Evelien Luts: “Kinderen zien nu vaker koppels van hetzelfde geslacht. Daardoor krijgen ze mee dat je verliefd kan worden op jongens, meisjes, of allebei. Tegelijk worden ze nu ook vaker geconfronteerd met de minder fraaie kant van de liefde. Soms zeggen jongeren tijdens onze vormingen heel beslist dat ze nooit willen trouwen, ‘omdat mama’s en papa’s dan alleen nog maar ruziemaken’. Net daarom geloof ik hard in het principe van ‘voorleven’. Leg niet alleen uit wat een relatie inhoudt, maar laat het ook zien. Met liefdevolle gebaren als een kus, knuffel of compliment tonen ouders hun kinderen hoe je uiting kan geven aan je gevoelens voor elkaar.”

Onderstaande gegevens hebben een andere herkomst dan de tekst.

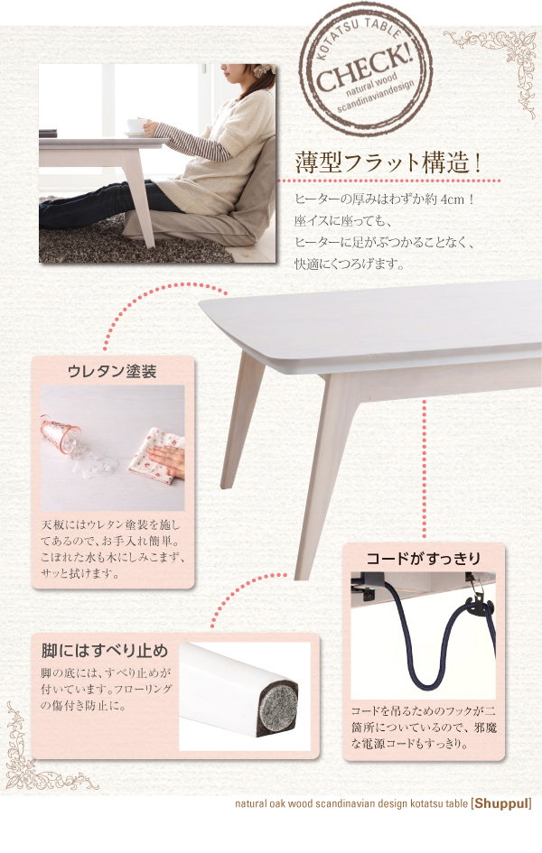 天然木×ホワイトウォッシュ フレンチカントリー調こたつテーブル 【Shuppul】シュップル

Over kleuter-, kinder- en puberliefde
Kleuterverliefdheid
Evelien Luts: “Kleutertjes zijn verliefd op iedereen: op hun juf of meester, hun beste speelkameraadje of zelfs op hun hond of teddybeer. Leeftijd of geslacht speelt daarbij geen rol. Soms verkondigen kleuters zelfs vol trots dat ze later met jou willen trouwen. Daarmee willen ze in de eerste plaats tonen dat ze je heel graag zien. (lacht)”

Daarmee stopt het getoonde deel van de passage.